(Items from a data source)
↓↓↓

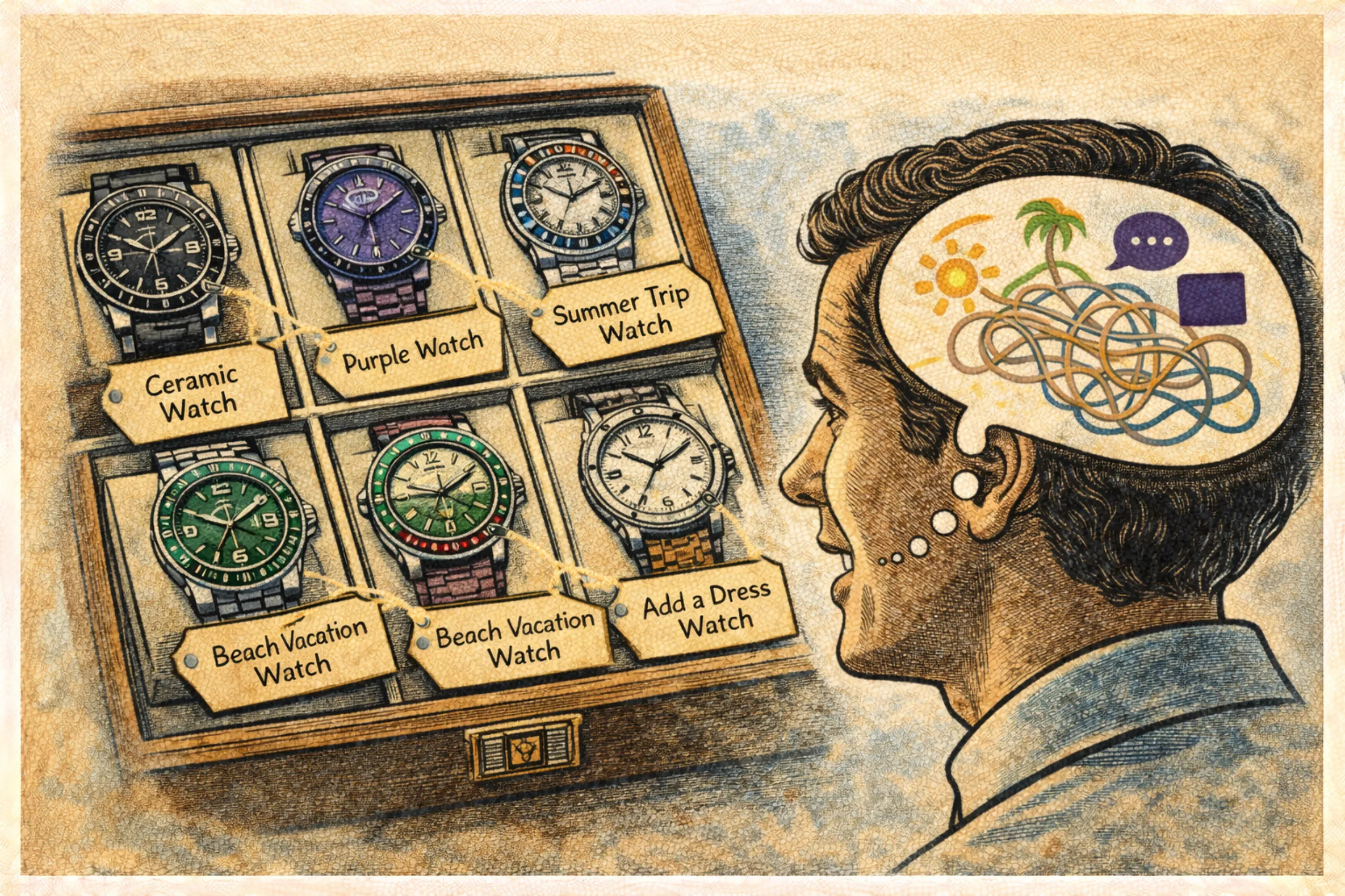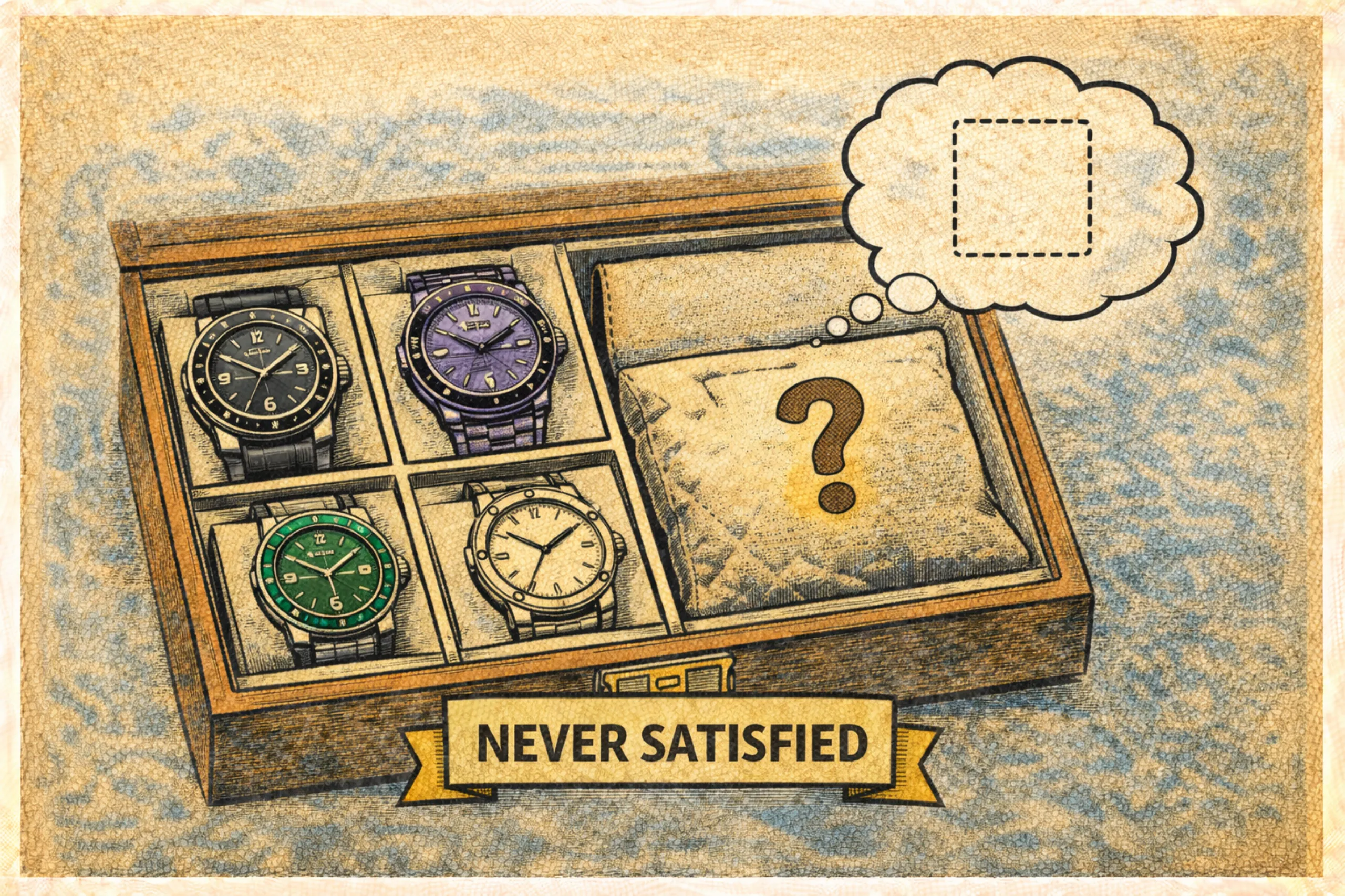 하지만 이렇게 고심 끝에 컬렉션을 완성하더라도 거기에 만족하기란 쉽지 않다. 10구 내외의 보관함으로(심지어 100구라고 할지라도) 이 세상 모든 시계의 요소들을 모두 조합할 수는 없다. 마음의 빈칸은 언제나 있기 마련이고, 심지어 완벽하게 채워졌다고 생각하는 순간(구입하는 바로 그 순간), 새로운 빈칸이 만들어진다. 생존을 위해 우리의 뇌가 원래부터 그렇게 설계되어 있는 까닭이다. 우리는 빈 칸을 보면 채우고 싶고, 채워지는 순간 또 다른 여백을 만들어낸다.
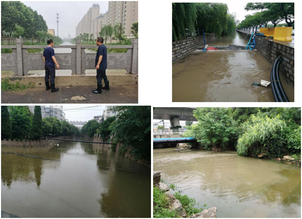 街道、社區(qū)工作人員對(duì)龍?zhí)逗、楊山大溝、楊石大溝、美好匯鄰灣等等重點(diǎn)部位和重點(diǎn)區(qū)域進(jìn)行全方位巡察,在河道外增加抽水泵,時(shí)刻有人值班,觀察水位,河道水位一但上漲到水泥堤壩,立刻與水利局溝通開放泄洪閘。
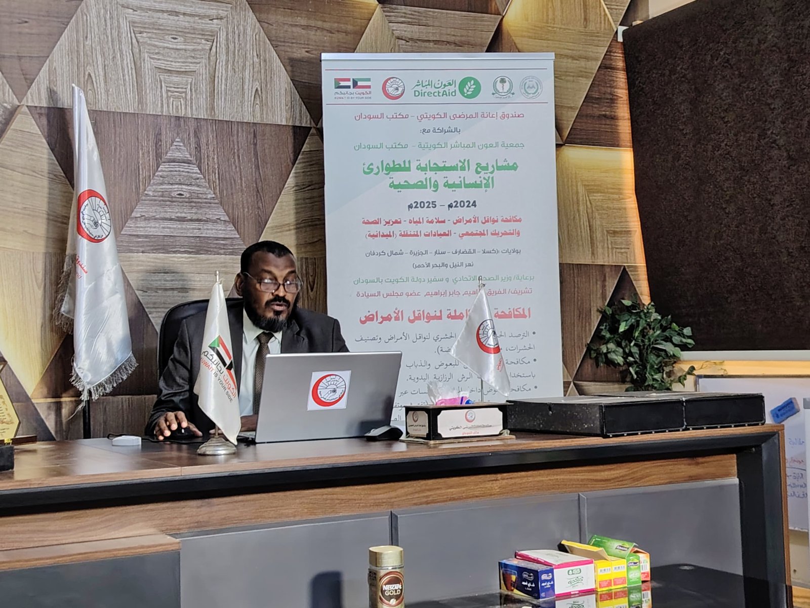 وأشار إلى استمرار تقديم وتطوير الخدمات الصحية الأولية والثانوية والثالثوية عبر أكثر من 300 منفذ في 13 ولاية من ولايات السودان ، إلى جانب تنسيق الجسر الجوي والبحري الكويتي الذي شمل 36 رحلة جوية و3 رحلات بحرية لتوفير الإمدادات الطبية العاجلة، لا سيما أدوية زارعي الكلى. كما شمل الدعم تنفيذ مشروع الترصد المرضي بولاية الخرطوم، وإعادة تأهيل وإعمار 23 مركزاً صحياً ومراكز غسيل كلى بعدد من الولايات، وتزويدها بالمعدات الطبية ومحطات الأكسجين.
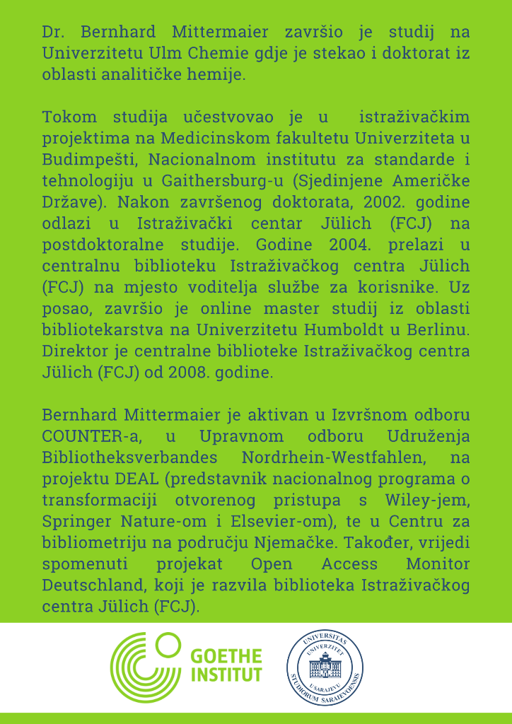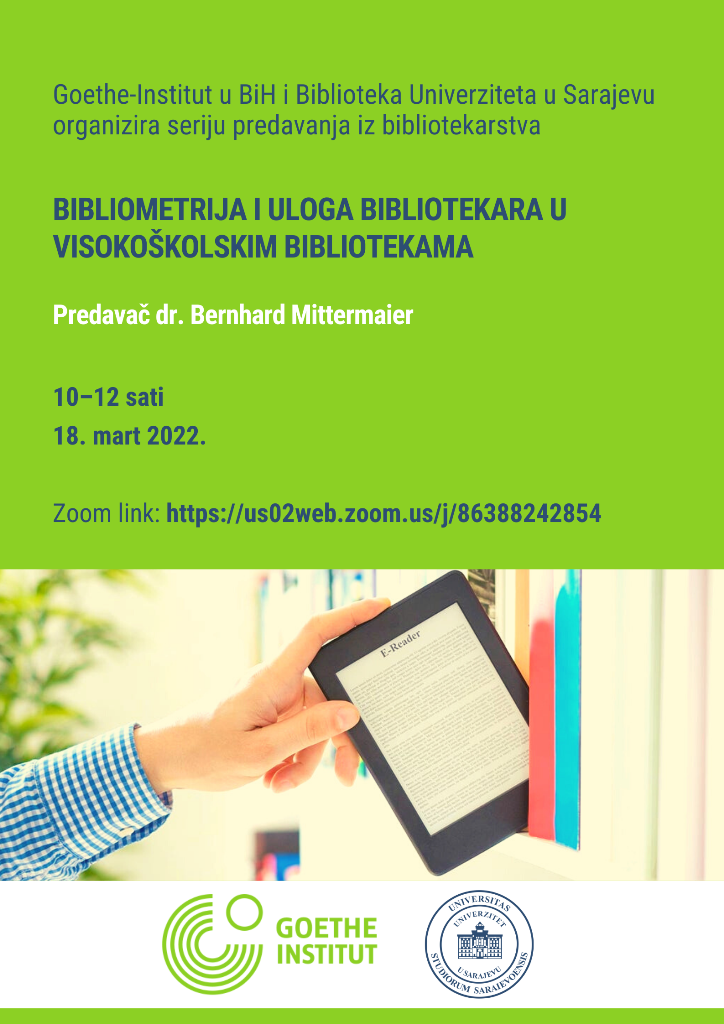 Goethe-Institut u Bosni i Hercegovini u saradnji sa Bibliotekom Univerziteta u Sarajevu organizira predavanje na temu „Bibliometrija i uloga bibliotekara u visokoškolskim bibliotekama“. Pozvani predavač je dr. Bernhard Mittermaier, ugledni stručnjak iz oblasti bibliometrije i otvorenog pristupa. Predavanje je namijenjeno nastavnom osoblju i bibliotekarima. Učesnici će imati mogućnost da predavanje prate na njemačkom ili b/h/s jeziku. Predavanje će se održati putem zoom link-a 18. marta 2022. godine od 10:00 do 12:00 sati.
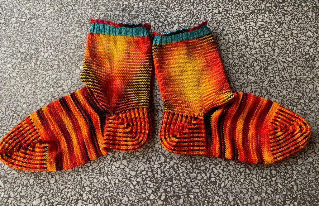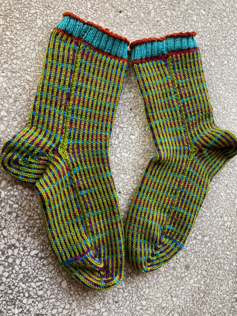 The sock on the left is the one with the failed no-sew seam. Lesson learned, I’ll seam socks that have yarn carried up from alternating stripes, because I have enough trouble with ends without adding yet more ends from the stripes
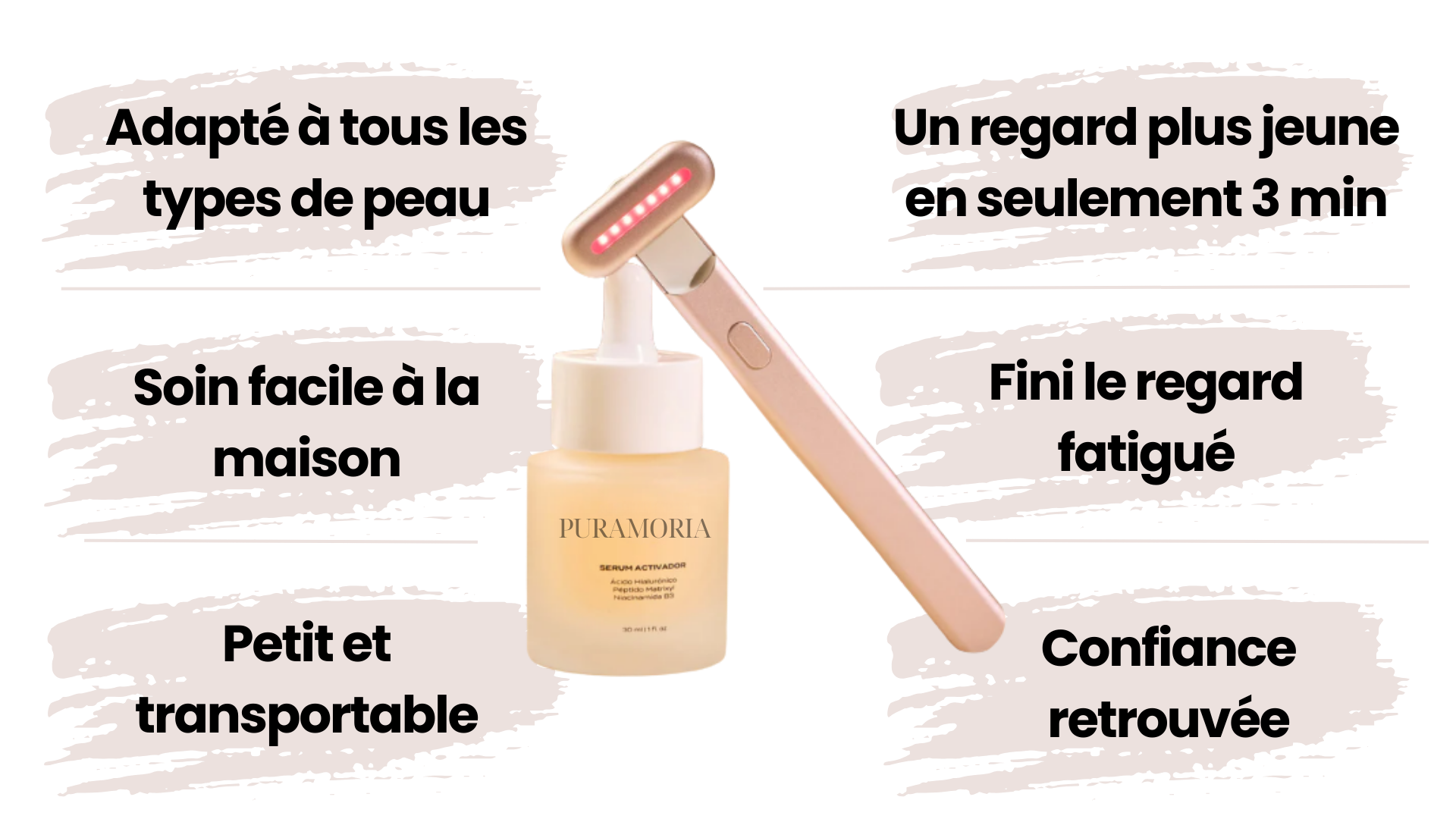 - Massage ciblé qui aide à améliorer la circulation et réduire visiblement les poches.

↑↑↑

Which lines run from the one containing "The sock on" to the end of the entries above? Write them out exactly, leaving out every picture.

REPLY:
 The sock on the left is the one with the failed no-sew seam. Lesson learned, I’ll seam socks that have yarn carried up from alternating stripes, because I have enough trouble with ends without adding yet more ends from the stripes
 - Massage ciblé qui aide à améliorer la circulation et réduire visiblement les poches.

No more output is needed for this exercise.